[DATA FOR THIS TASK — start]

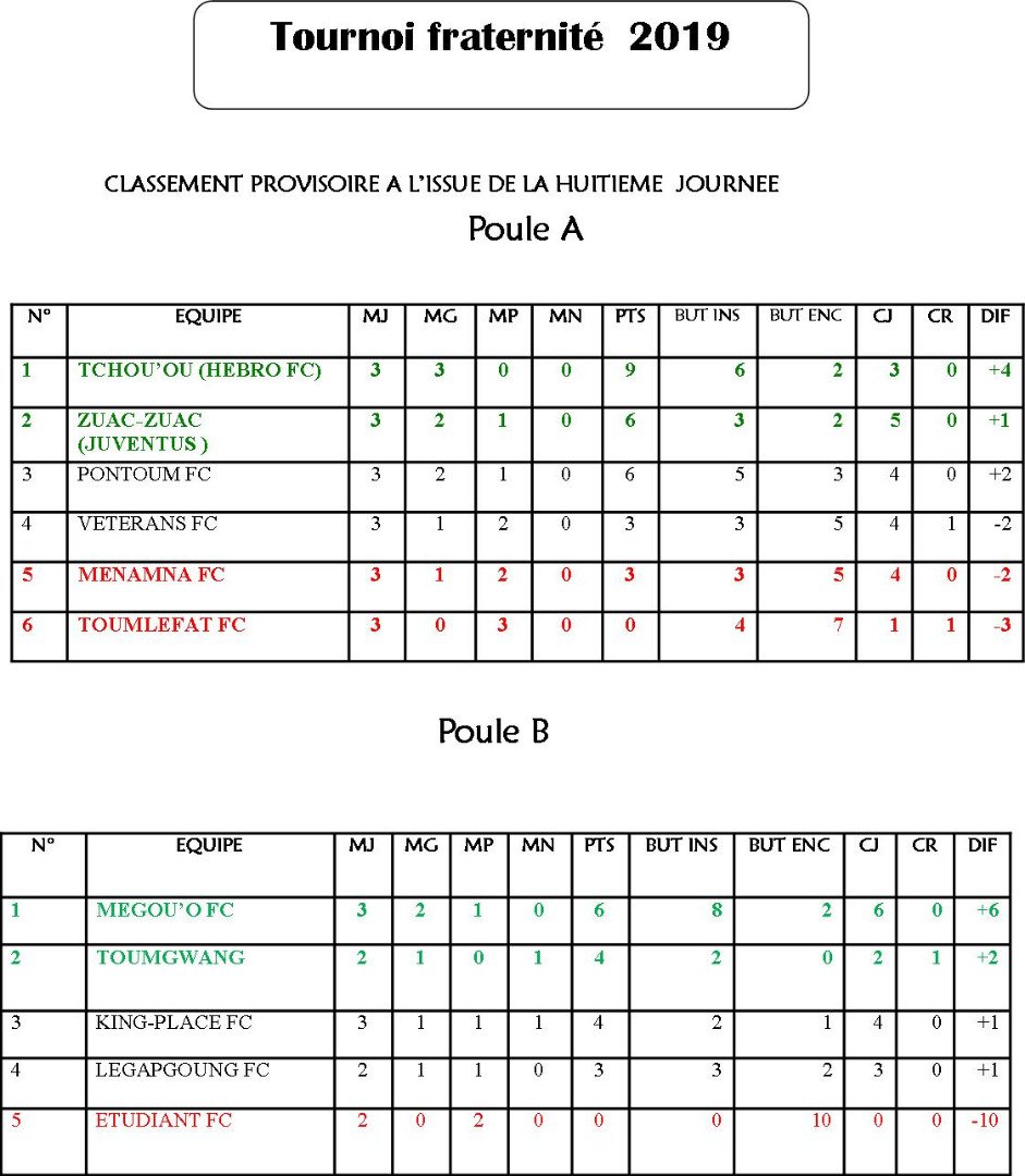 Tournoi de la fraternité de la COBY: résultats de la 8eme journée, ce samedi 13 avril 2019
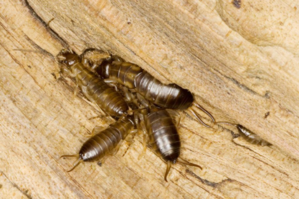Medium-sized (up to 20 mm in length) insect with a reddish head and white or brown body that survives by feeding on damp, rotting wood. This termite species is one of the largest in North America.
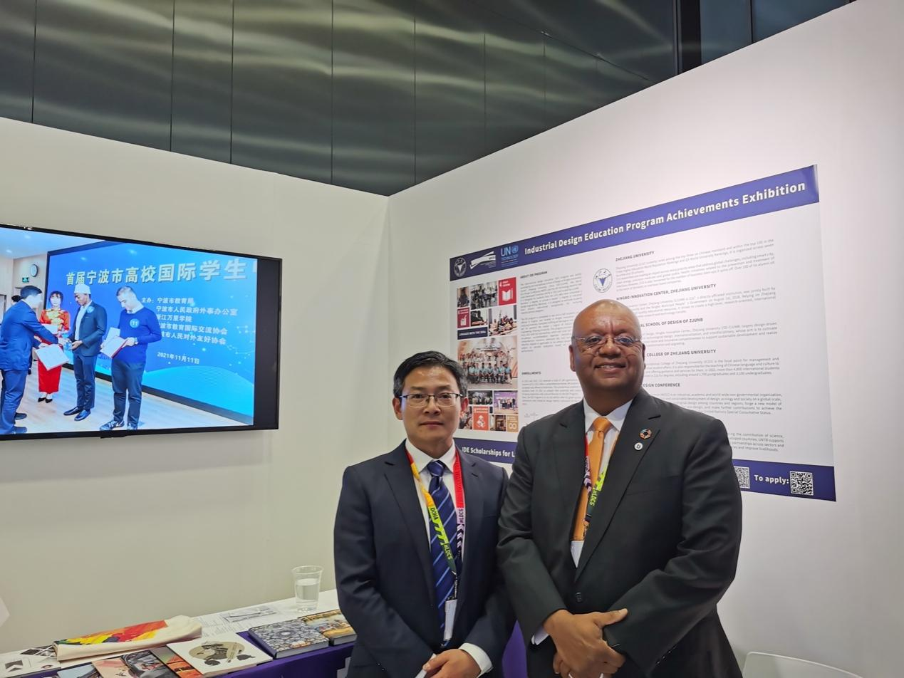会议期间,开云积极与国际组织、中国驻外机构、参展单位、国外高校建立联系,介绍宁波现代化滨海大都市发展情况,推广宁波校区及开云国际学生培养项目。设计学院院长罗仕鉴教授与联合国最不发达国家技术银行代理执行干事塔费尔·特斯法丘博士就国际学生项目发展方向和工作推进等事宜进行磋商,并接受联合国新闻采访。
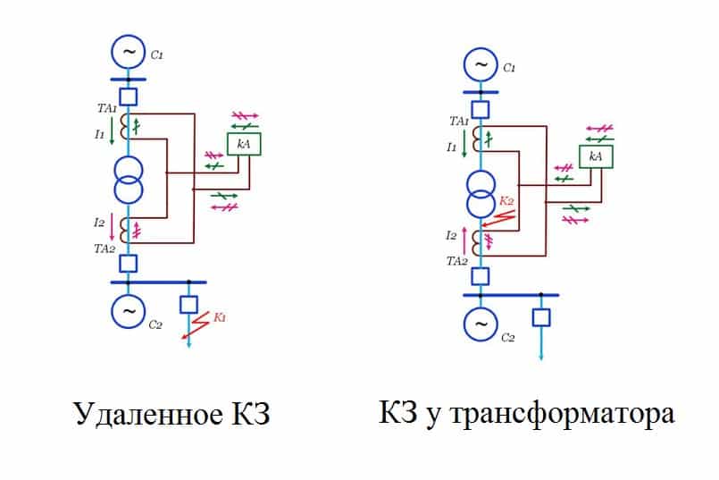 При возникновении короткого замыкания возникает асимметрия втекающих и вытекающих токов (Рис. 1 справа). Через реле протекает ток, включающий схему защитного отключения. Высокая избирательность дифференциальной системы не требует реле времени, т.к. защита включается в идеальном случае только при внутренних КЗ.
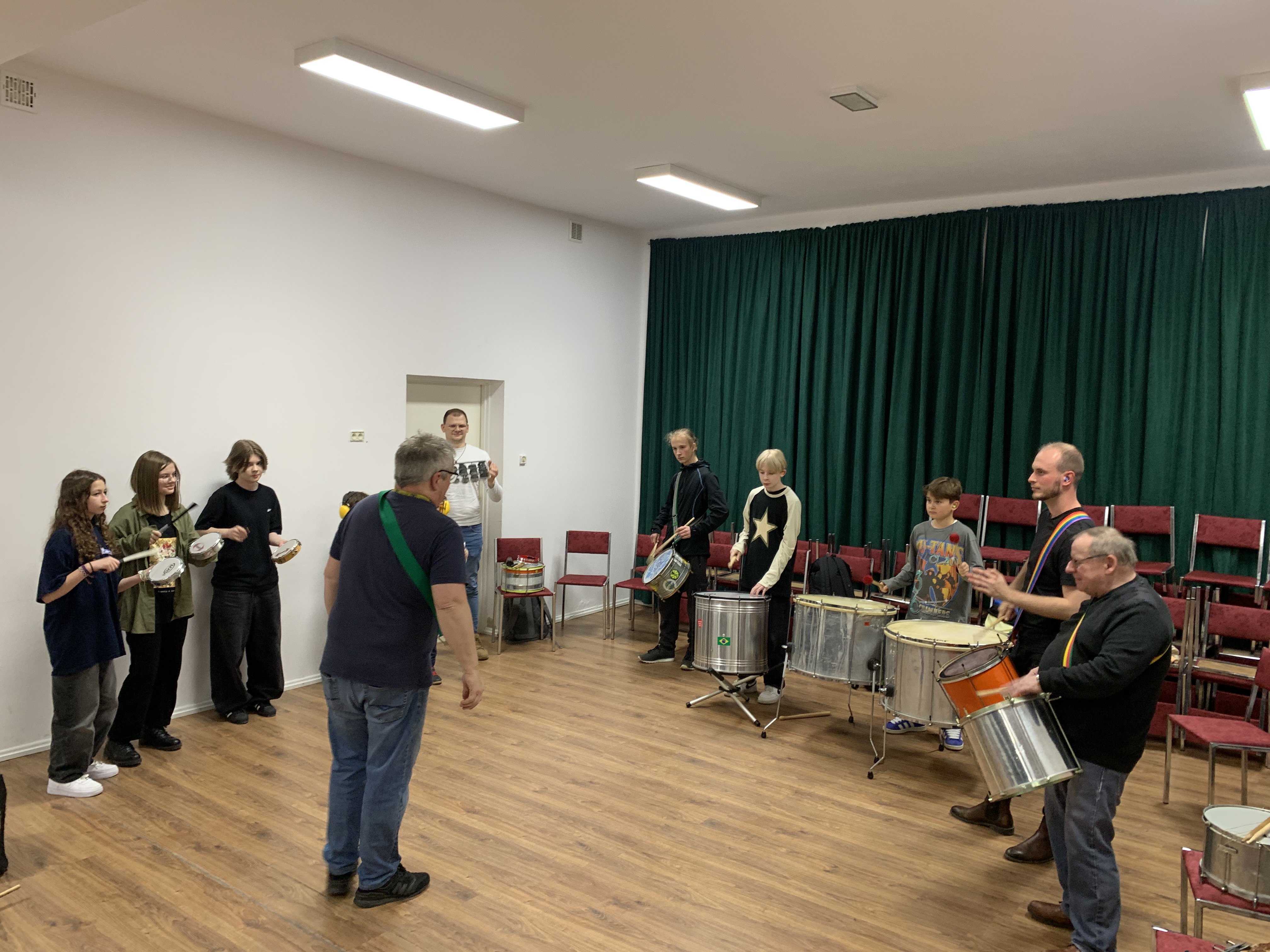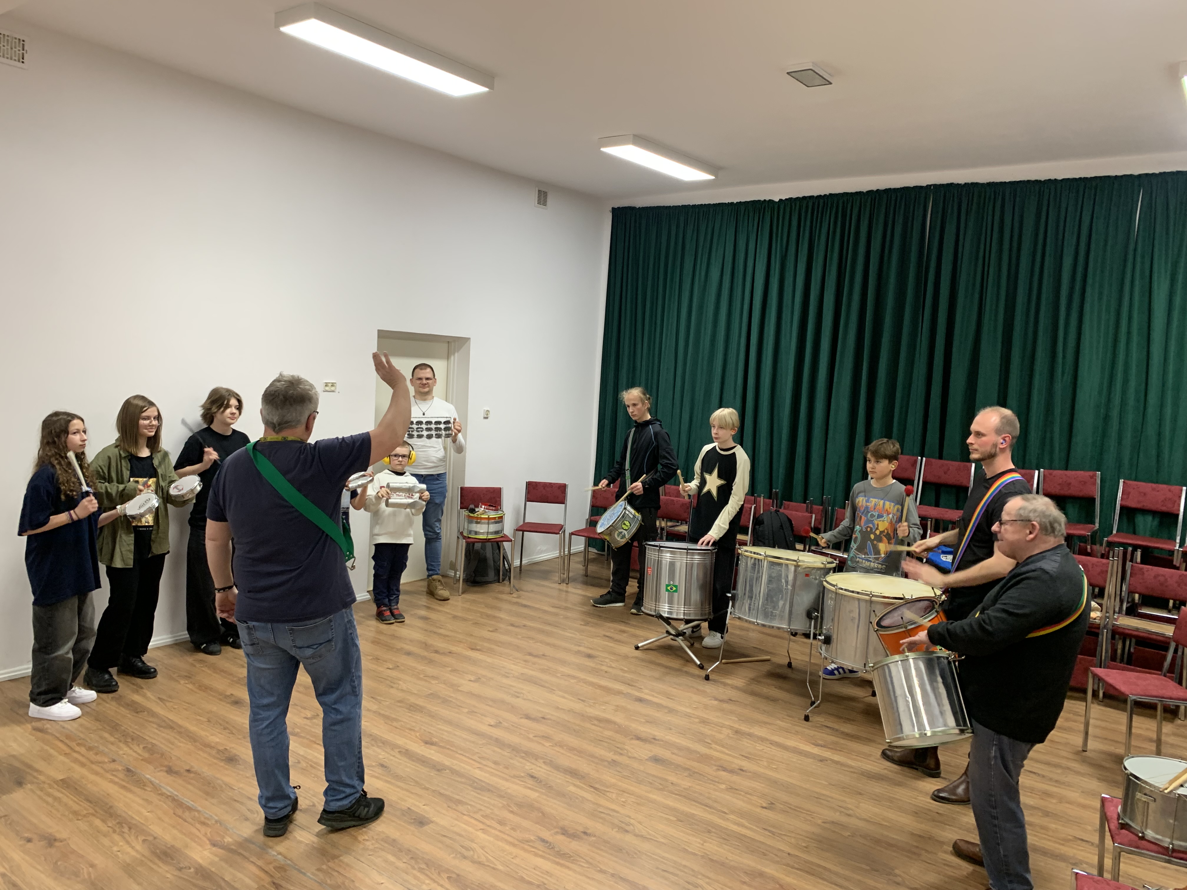 We wtorek 6 marca br. w naszej szkole odbyły sie warsztaty perkusyjne z mgr Andrzejem Kaczmarczykiem. Było to niezwykłe doświadczenie pełne rytmu, pasji i wspólnego muzykowania. Podczas zajęć zgłębialiśmy tajniki brazylijskich rytmów tzw. Samby batucady. Pan Andrzej Kaczmarczyk dzielił się swoją wiedzą i umiejętnościami, inspirując nas do odkrywania nowych dźwięków i technik gry na instrumentach perkusyjnych. Dzięki temu spotkaniu nie tylko rozwijaliśmy swoje umiejętności muzyczne, ale także poznaliśmy wiele nowych instrumentów takich jak: repinique, caixa, surdo, tamborim itp.

[DATA FOR THIS TASK — finish]

WHAT TO DO:
From the line that contains "Medium-sized (up to" down to the final line of the entries above, please copy each line exactly, excluding pictures.

ANSWER SECTION:
Medium-sized (up to 20 mm in length) insect with a reddish head and white or brown body that survives by feeding on damp, rotting wood. This termite species is one of the largest in North America.
会议期间,开云积极与国际组织、中国驻外机构、参展单位、国外高校建立联系,介绍宁波现代化滨海大都市发展情况,推广宁波校区及开云国际学生培养项目。设计学院院长罗仕鉴教授与联合国最不发达国家技术银行代理执行干事塔费尔·特斯法丘博士就国际学生项目发展方向和工作推进等事宜进行磋商,并接受联合国新闻采访。
 При возникновении короткого замыкания возникает асимметрия втекающих и вытекающих токов (Рис. 1 справа). Через реле протекает ток, включающий схему защитного отключения. Высокая избирательность дифференциальной системы не требует реле времени, т.к. защита включается в идеальном случае только при внутренних КЗ.
 We wtorek 6 marca br. w naszej szkole odbyły sie warsztaty perkusyjne z mgr Andrzejem Kaczmarczykiem. Było to niezwykłe doświadczenie pełne rytmu, pasji i wspólnego muzykowania. Podczas zajęć zgłębialiśmy tajniki brazylijskich rytmów tzw. Samby batucady. Pan Andrzej Kaczmarczyk dzielił się swoją wiedzą i umiejętnościami, inspirując nas do odkrywania nowych dźwięków i technik gry na instrumentach perkusyjnych. Dzięki temu spotkaniu nie tylko rozwijaliśmy swoje umiejętności muzyczne, ale także poznaliśmy wiele nowych instrumentów takich jak: repinique, caixa, surdo, tamborim itp.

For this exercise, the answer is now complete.